Some private companies offer access to historic tweets but they are not the free, indexed and searchable access that would be of most value to legislative researchers and scholars. It is clear that technology to allow for scholarship access to large data sets is not nearly as advanced as the technology for creating and distributing that data. Even the private sector has not yet implemented cost-effective commercial solutions because of the complexity and resource requirements of such a task.

Twitter chief executive Dick Costolo this year announced that the company is working on providing Twitter users with access to all their own tweets. In a July 24 New York Times interview he also addressed the question of a search engine enabling access to all tweets, saying, "It's two different search problems. It's a different way of architecting search, going through all tweets of all time. You can't just put three engineers on it."5 In the near term, the Library is working to develop a basic level of access that can be implemented while archival access technologies catch up. The Library will consult with congressional researchers and scholars to inform this process. These efforts are ongoing and a priority for the Library. Potential scenarios include public-private partnerships and leveraging private sector investment and capacity.
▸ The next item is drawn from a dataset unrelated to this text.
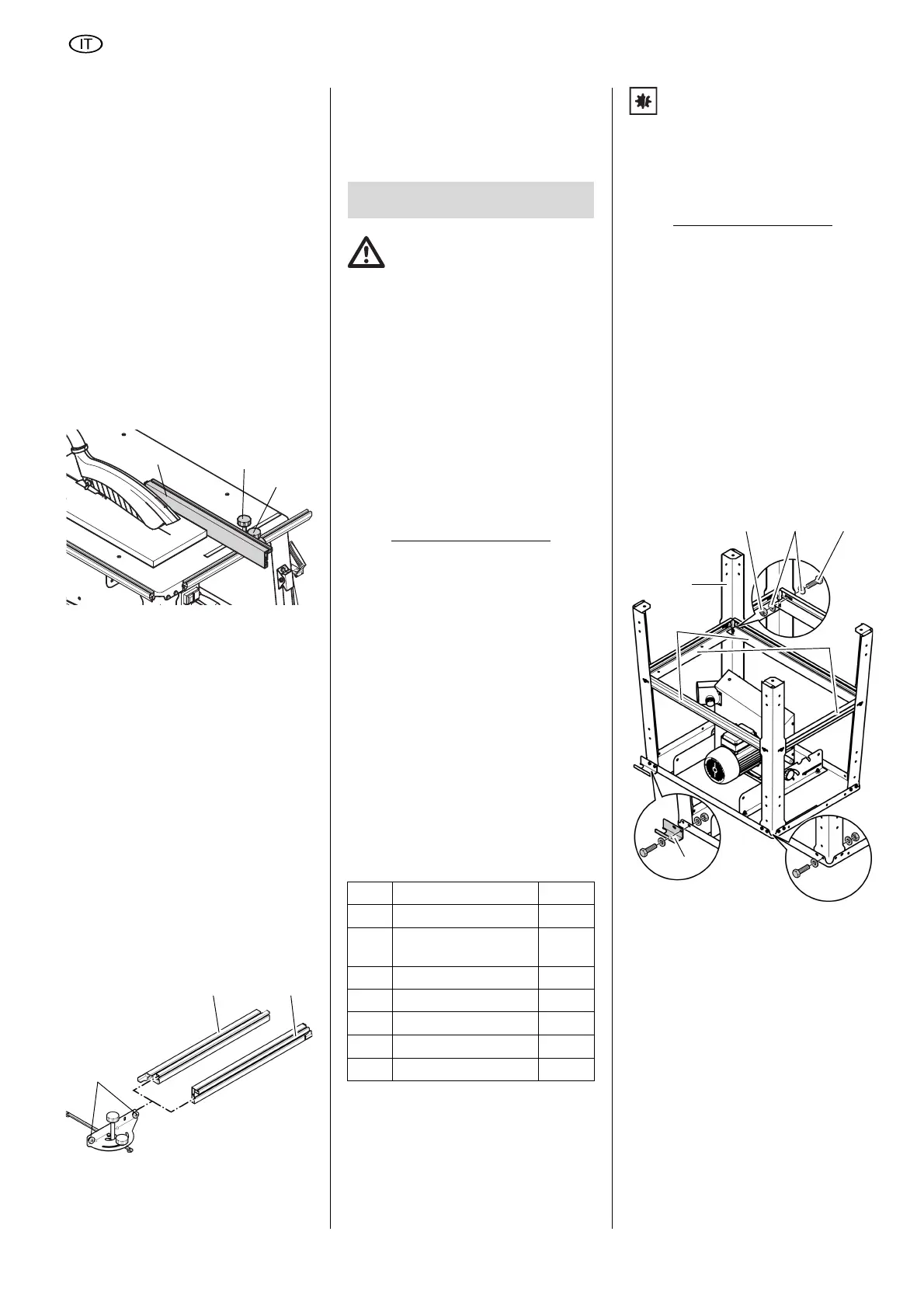 ni per il montaggio, la sega sarà confor-

Recently, senior Library officials met with Gnip senior management in Washington to explore the possibility of developing a research- and scholarship-focused interface to the archive using Gnip's existing historical Twitter product offerings.

The Library continues on a daily basis to build and preserve this important archive, with the expectation that it will be accessible to researchers on premises.

The Library is managing this collection in keeping with part of its mission to acquire, preserve and provide access to a universal collection of knowledge and the record of America's creativity for Congress and the American people. The Library looks forward to continued collaboration with the private sector and the research community as we continue to maintain and build the collection and work toward making this resource accessible for scholarship in a comprehensive, useful way.